# Platform smoke testing

`pi-codex-goal` uses a Crabbox-backed local platform smoke gate to prove the package on macOS, Ubuntu Linux, and native Windows before release-sensitive changes ship.

This setup reuses the portable Crabbox platform-testing lessons without copying provider-specific smoke flows from another project. The gate includes a real model-backed pi run so release checks catch platform-specific extension failures before completion is claimed.

## Required gate

Release-sensitive changes use a doctor-first gate:

```sh
npm run check:platform-smoke
npm run smoke:platform:doctor
npm run smoke:platform:all
```

`smoke:platform:all` runs the same doctor before any target suite starts, so a full release run still fails before syncing targets or spending model tokens when local setup is not ready. Run `smoke:platform:doctor` directly when diagnosing setup.

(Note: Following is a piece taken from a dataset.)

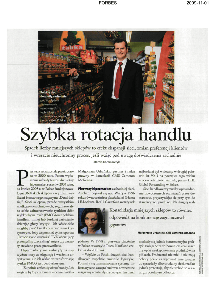 FORBES 2009-11-01 Polskie sieci dogoniły zachodnie pod względem najnowszych technologii / - mówi JacekjJcszyk, prezes Żabka Polska Szybka rotacja handlu Spadek liczby mniejszych sklepów to efekt ekspansji sieci, zmian preferencji klientów i wreszcie nieuchronny proces, jeśli wziąć pod uwagę doświadczenia zachodnie Marcin Kaczmarczyk P ierwsza setka została przekroczo na w 2000 roku. Potem wyda rzenia nabrały tempa, dwusetny hipermarket ruszył w 2003 roku, na koniec 2008 r. w Polsce funkcjonowa ło już 360 takich sklepów - wynika z wy liczeń branżowego magazynu „Detal dzi siaj". Sieci sklepów, przede wszystkim wielkopowierzchniowych, zogniskowały na sobie zainteresowanie rynkiem dóbr szybkozby walnych (FMCG) oraz polskim handlem, mniej lub bardziej zasłużenie zbierając głosy krytyki. Ich właściciele mogliby pisać książki o zarządzaniu kry zysowym, żeby wspomnieć tylko reportaż „Trzecie życie kurczaka" TVN obrazujący przemyślny „recykling" mięsa czy zarzu ty stawiane przez pracowników. Hipermarkety nie zasłużyły na naj wyższe noty za elegancję i wrażenie ar tystyczne, ale ich wkład w transformację rynku FMCG jest bezdyskusyjny. - Zupełnie zmieniły obraz branży. Ich wejście było przełomem - ocenia krótko Małgorzata Urbańska, partner i radca prawny w kancelarii CMS Cameron McKenna. Pierwszy hipermarket zachodniej sieci, Auchan, pojawił się nad Wisłą w 1996 roku równocześnie z placówkami Geanta i E.Leclerca. Real i Carrefour weszły rok £1 najbardziej był widoczny w drugiej poło wie lat 90. i na początku tego wieku - opowiada Piotr Iwaniuk, prezes DHL Global Forwarding w Polsce. Sieci handlowe wymusiły wprowadze nie nowoczesnych rozwiązań przez do stawców, przyczyniając się przy tym do standaryzacji produkcji. Na drugiej szali Konsolidacja mniejszych sklepów to również odpowiedź na konkurencję zagranicznych gigantów później. W 1998 r. pierwszą placówkę w Polsce otworzyło Tesco, Kaufland cze kał aż do 2001 roku. - Wejście do Polski dużych sieci han dlowych zupełnie zmieniło logistykę. Pojawiły się zaawansowane systemy in formatyczne, zaczęto budować nowoczesne magazyny i centra dystrybucyjne. Ten trend Małgorzata Urbańska, CMS Cameron McKenna znalazły się jednak kontrowersyjne prak tyki związane ze śrubowaniem cen i marż czy opłat za eksponowanie produktów na półkach. Producenci nie mieli i nie mają ochoty płacić za wprowadzenie towaru do sprzedaży albo urodziny sieci, rzadko jednak protestują, aby nie wchodzić w za targ z potężnym odbiorcą. FORBES Potężnym, ale nie wszechmocnym. Giganci czują na plecach oddech konku rencji. Co prawda w 2007 i 2008 r. w Polsce ubyło około 6 tys. małych sklepów (10 proc.) i był to już kolejny rok spadku (da ne The Nielsen Company). Przybywa za to średnich placówek (w tym samym cza sie ich liczba zwiększyła się z 31,9 tys. do 32,5 tys.) oraz supermarketów (wzrost z 3,5 tys. do 3,9 tys.), w czym mają udział i właściciele hipermarketów. W siłę rosną także sieci z rodzimymi korzeniami, takie jak Żabka. Zmiany w strukturze sprzedaży FMCG odpowiadają preferencjom klientów. Z ba dań Nielsena wynika, że Polacy coraz rzadziej robią zakupy w sklepach osiedlo wych (w 2007 r. przeciętnie 15 razy w miesiącu, w 2008 r. 13), z taką samą częstotliwością odwiedzają hipermarkety (5 razy w miesiącu), częściej za to chodzą do dyskontów (8 razy w miesiącu w 2008 roku wobec 6 wizyt w 2007 roku). Według różnych firm badawczych obecnie około 60 proc. handlu przypada w Polsce na małe sklepy, na rynkach naj bardziej rozwiniętych wskaźnik ten się ga 20 procent. Ale w Hiszpanii, Portugalii i innych krajach basenu Morza Śródziemnego oscyluje on przeciętnie między 50 a 60 procent. Wynika to między innymi ze struktury społeczeństwa: znaczna część klientów, podobnie jak w Polsce, pocho dzi z gospodarstw wiejskich. Liczby bezwzględne pokazują jednak, że zmiany są nieuchronne. Nad Wisłą działa około 150 tys. sklepów sprzedają cych produkty FMCG, w Hiszpanii blisko 53 tysiące (kraj ten ma o ponad 8 mln więcej mieszkańców niż Polska). Duże znaczenie dla przyszłej struk tury rynku ma zaangażowanie polityków hamujących ekspansję sieci dużych skle pów. Taką wymowę mają przepisy o za kazie handlu w niektóre dni świąteczne nieobejmujące placówek rodzinnych czy ograniczenia dotyczące inwestycji na rzucane przez niektóre samorządy. - Wprowadzane są kolejne regulacje obniżające konkurencyjność gospodar ki i zwiększające koszty sieci handlowych - ocenia Jacek Roszyk, prezes spółki Żabka Polska. - Politycy szukają sposo bów, by utrudnić działania branży, która tworzy około 20 proc. wartości PKB kraju i zatrudnia kilkaset tysięcy osób - dodaje. Branży, która tak jak inne musi stawić czoło kryzysowi. Z raportu The Nielsen Company wy nika, że jeszcze w 2008 r. sprzedaż pod stawowych produktów (pierwszej potrze by) zwiększyła się w Polsce o 16,5 proc, najwięcej w całej Europie. Mniejszy wzrost zanotowały druga w kolejności Turcja (13 proc.) i Czechy (11,7 proc), a największy spadek Irlandia (-3,8 proc.) i Dania (-2,9 proc). Wyniki za ten rok mogą nie być równie optymistyczne. International Paper Kwidzyn szacuje, że w pierwszym półroczu zapotrzebowa nie na opakowania towarów luksusowych 2009-11-01 spadło o kilkanaście procent w stosunku do ubiegłego roku. - Klienci większą wagę przywiązują do ceny opakowania. Godzą się nawet na nieco gorszą jakość. Rozszerzamy więc naszą ofertę, aby nie tracić rynku - ko mentuje Andrzej Samborski, kierownik działu logistyki w firmie International Paper Kwidzyn, która jest potentatem na rynku opakowań dla branży FMCG. DHL odczul spadek przewozów. - Zmniejszyły się też stawki. Koszt transportu kontenera z Azji do Polski wynosi około 1,2-1,4 tys. dolarów. Przed kryzysem sięgał 2 tys. dolarów -

Per-target commands are for diagnosis. They run a lightweight local artifact preflight before Crabbox sync, but they do not replace the full doctor readiness check:

```sh
npm run smoke:platform:macos
npm run smoke:platform:ubuntu
npm run smoke:platform:windows-native
```

## Targets

| Target | Crabbox provider | Shell contract |
| --- | --- | --- |
| `macos` | `ssh` static localhost | POSIX shell on macOS |
| `ubuntu` | `local-container` | POSIX shell in an Ubuntu Node container |
| `windows-native` | `parallels` | native Windows PowerShell |

## Required environment

Install Crabbox `0.26.0` or newer with Homebrew so `crabbox` is on `PATH`. Use `PLATFORM_SMOKE_CRABBOX=/path/to/crabbox` only when testing a non-default binary. The supported package runtime floor is Node 24, matching the local and Crabbox platform validation baseline.

```sh
PLATFORM_SMOKE_MAC_HOST=localhost
PLATFORM_SMOKE_MAC_USER="$USER"
PLATFORM_SMOKE_MAC_WORK_ROOT="/Users/$USER/crabbox/pi-codex-goal"
PLATFORM_SMOKE_UBUNTU_IMAGE="cimg/node:24.16"

PLATFORM_SMOKE_WINDOWS_VM="pi-extension-windows-template"
PLATFORM_SMOKE_WINDOWS_SNAPSHOT="crabbox-ready"
PLATFORM_SMOKE_WINDOWS_USER="<windows-ssh-user>"
PLATFORM_SMOKE_WINDOWS_WORK_ROOT="C:\\crabbox\\pi-codex-goal"

# Real runtime smoke defaults.
PLATFORM_SMOKE_MODEL="zai/glm-5.2"
PLATFORM_SMOKE_AUTH_ENV="ZAI_API_KEY,Z_AI_API_KEY"
```

`platform-smoke.config.mjs` owns the project defaults: required targets/suites, Crabbox minimum version, Ubuntu image, macOS work root, shared Parallels template/snapshot, Node validation major, default model, and explicit auth env names. Use `PLATFORM_SMOKE_*` variables only as local machine knobs or one-off overrides.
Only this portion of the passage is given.